Re: Security implications of gzip #423

From: Ted Johnson <johnsontedm@gmail.com>
Date: Fri, 14 Mar 2014 08:14:45 +0000
Message-ID: <CALDLv_nr0xxMi9DNc9yujTnr6PCsYYXrY0Ktd_O6kUDrHOsXSw@mail.gmail.com>
To: Martin Thomson <martin.thomson@gmail.com>
Cc: HTTP Working Group <ietf-http-wg@w3.org>
Martin,

You have done a good job of walking the line between explaining the attack
and that rational for the mediation concisely.  I have a couple of thoughts
on the last, implementations, paragraph.

The following statement is indirect and it 'may' clear what "every time"
means: "Thus, even though gzip compression of response bodies is permitted
for every response, it cannot be used every time.". For example, how
about, "Accordingly,
do not use gzip compression of the response body in this scenario".
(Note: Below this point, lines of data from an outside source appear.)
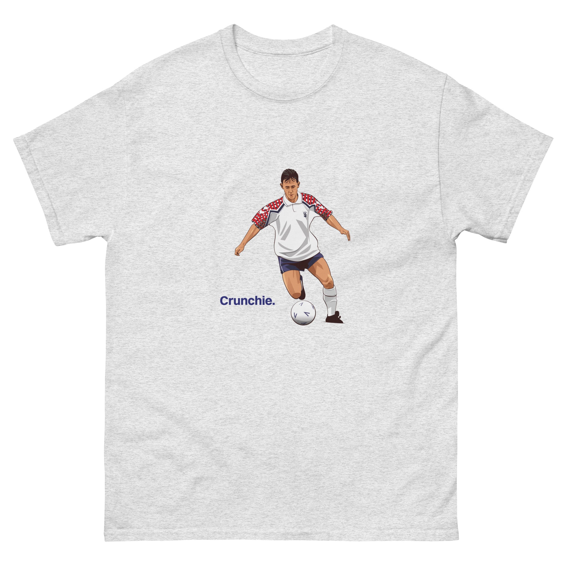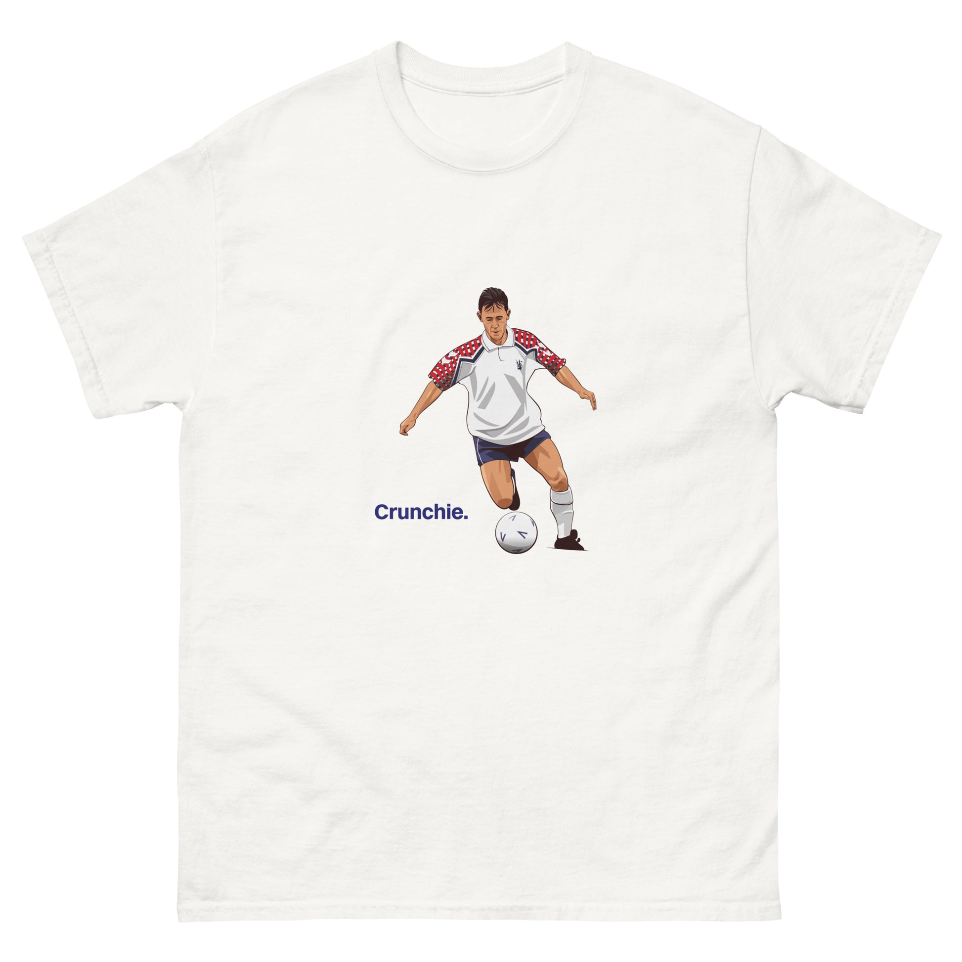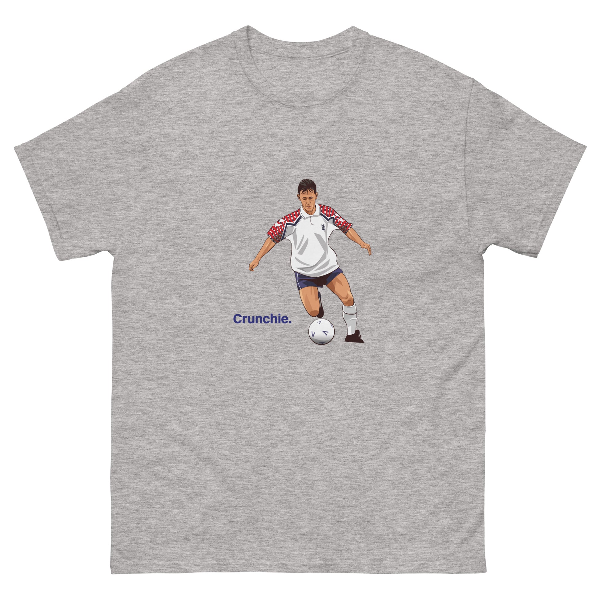 Hardly a cult hero, “Crunchie” McAllister was voted Falkirk’s “Player of the Millennium” and even has a stand named after him. He’s held in high regard by Chelsea and Hibs fans too, but it’s Falkirk who were Kevin’s team. Anyone old enough to remember seeing McAllister play can surely agree this wee guy was electric. This t-shirt captures Kevin in full flow, and is a high quality garment perfect for match day.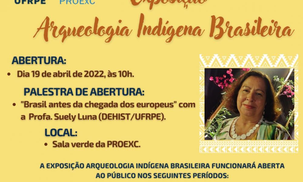 A Exposição Arqueologia Indígena Brasileira exibirá artefatos arqueológicos indígenas do período histórico anterior à chegada dos europeus. Esse é um evento cultural que envolve a história das raízes das ancestralidades indígenas brasileiras contribuindo para incentivo à difusão desse conhecimento à comunidade acadêmica da UFRPE e também com visitação aberta ao público geral.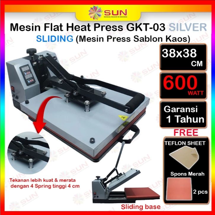 TERLAKU Mesin Press Sablon Kaos 38x38 Digital Premium GKT-01 / GKT-02 / GKT-03 600 Watt / 900 Watt untuk Kaos,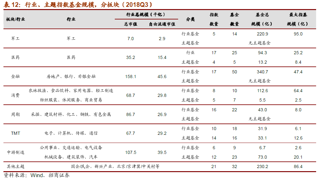 从板块/行业整体体量来看,截至2018年三季度金融板块总市值规模占全市场的30%, 金融行业指数基金合计规模也最大,达340.7亿元;由于短期配置价值显著,军工行业 总市值规模仅占全市场的1.3%,行业指数基金合计规模达220.9亿,占军工行业总流 通市值(2,862 亿,2018Q3)近 8%。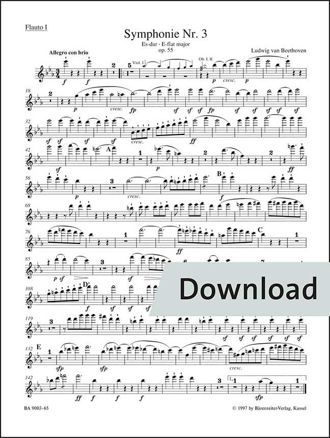 Harmoniestimmen: Flöte (2), Oboe (2), Klarinette in b (2), Fagott (2), Horn (3), Trompete (2), Pauke; Urtextausgabe (Streicherstimmen sind einzeln zu bestellen)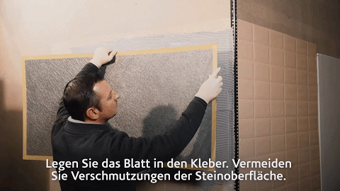 只需要对墙面打胶、抹匀之后进行湿贴便可非常牢固。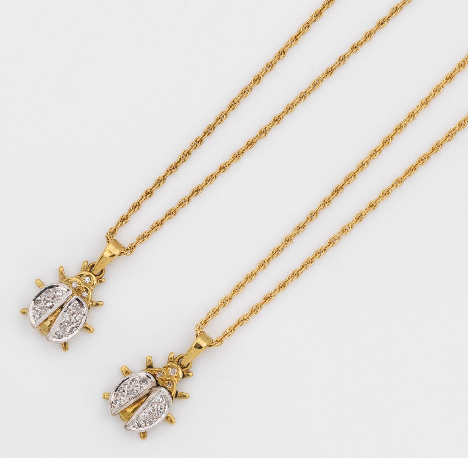 Gelbgold, gest. 585. Anhänger in Form vom Marienkäfern besetzt mit Diamanten von zus. ca. 0,14 ct. (p/w). Zwei feine Ankerketten. Ges.-Gew. ca. 7,28 g.

I would also add that MUST NOT should really be testable for
compliance/conformance purposes.  Since HTTP does not define confidential
or attackers I think SHOULD NOT makes more sense for that statement.  Or
one might consider moving the MUST NOT to the next sentence.
Possible alternatives, "Thus, gzip compression of response bodies are
permitted for any response but MUST NOT be it cannot be always used." or
"Accordingly, implementations MUST NOT force the use gzip compression for
all response bodies"  (Might choose the word every over all)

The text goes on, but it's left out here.